Among that program’s champions was Jane Morse, whose family has for generations operated Sagadahock Real Estate Association, which at one time owned 19 properties downtown. Morse worked to curate a mix of tenants who could meet residents’ everyday needs, from groceries and clothes to books, toys, and a cup of coffee. Sagadahock carried no debt on the properties, which helped keep rents affordable for small-business owners. Morse died in 2016, and much of the recent investment in Bath has been prompted by Sagadahock divesting its holdings.

Morse’s brother, John G. Morse IV, has been as careful about selling the properties as his sister was about filling them. Where possible, he’s sold to longtime tenants.

“They understand the property and market,” Morse says. “They’re going to be there long-term.” 

Plenty of developers have come knocking, he says, but he’s turned away those who don’t share his interest in preserving the legacy his family established.

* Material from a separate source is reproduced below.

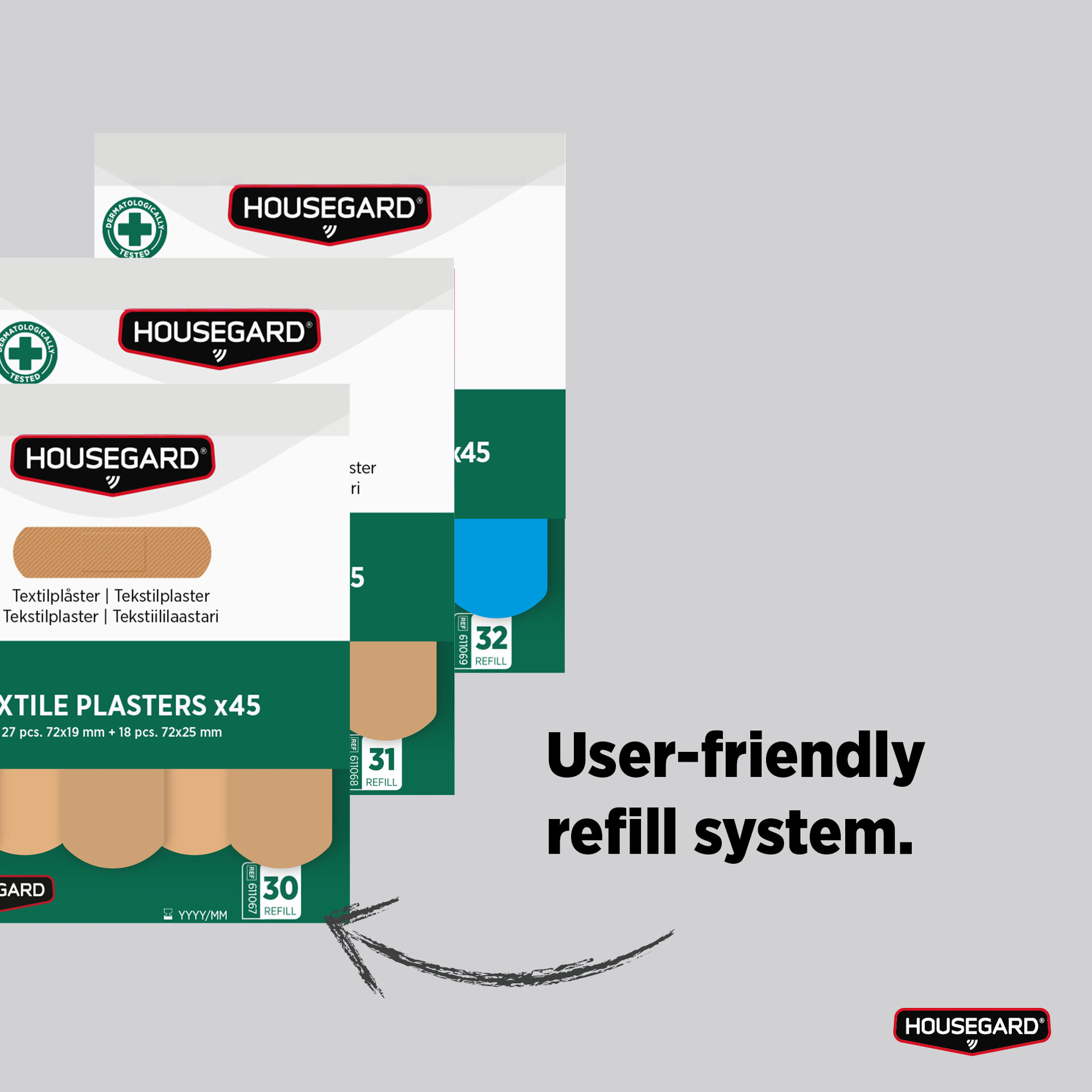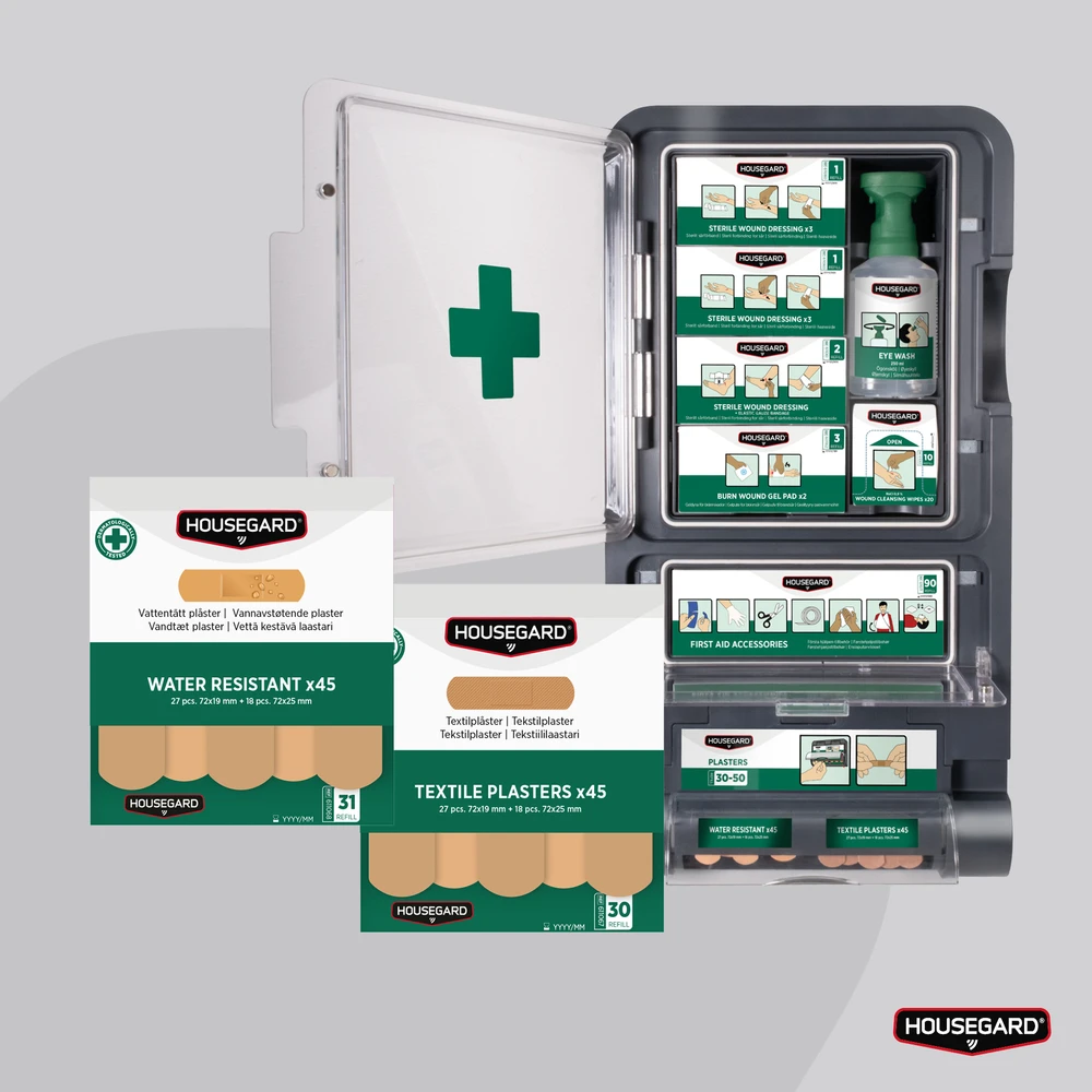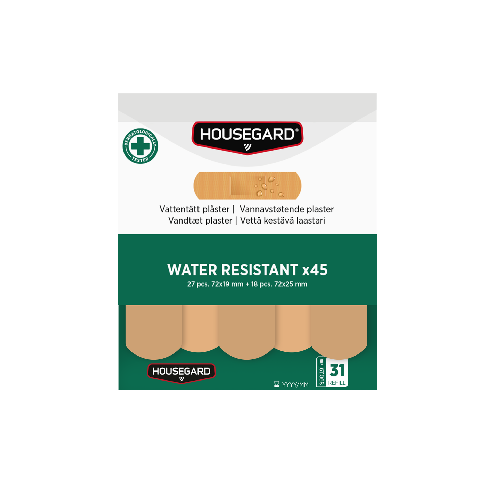 Vattentåliga plåster med hög vidhäftning som sitter kvar även i fuktiga och krävande miljöer. De skyddar mot vatten och smuts och är utformade för att ge säkert skydd vid arbete. Levereras som refill till Housegards och andra marknadsledande första hjälpen-stationer.

“I worry about someone slapping a coat of paint on a property, upping the rent so the longtime tenants can’t afford it, then flipping it,” he says. “I don’t want that to happen.”

Lisa-Marie and Andy Stewart, owners of Lisa-Marie’s Made in Maine, which opened in 2003, bought their building on Front Street from Sagadahock in 2018. Now, they are upgrading the exterior with the help of a city facade grant. Lisa-Marie says she welcomes the new investment all around her. “They’re not trying to come in and change it to look like someplace else,” she says.

Jaeger, of Halcyon Yarn, embraces a healthy tension that accompanies this wave of change. “We want to nurture the best of what we’re already doing and preserve what’s beautiful about the city’s history and culture.” she says. “But we don’t want to museum-ify it, which can be isolating and create stagnation.

“It’s a balancing act,” Jaeger adds. “But we’re engaging in that challenge rather than slamming ahead without thinking about it.”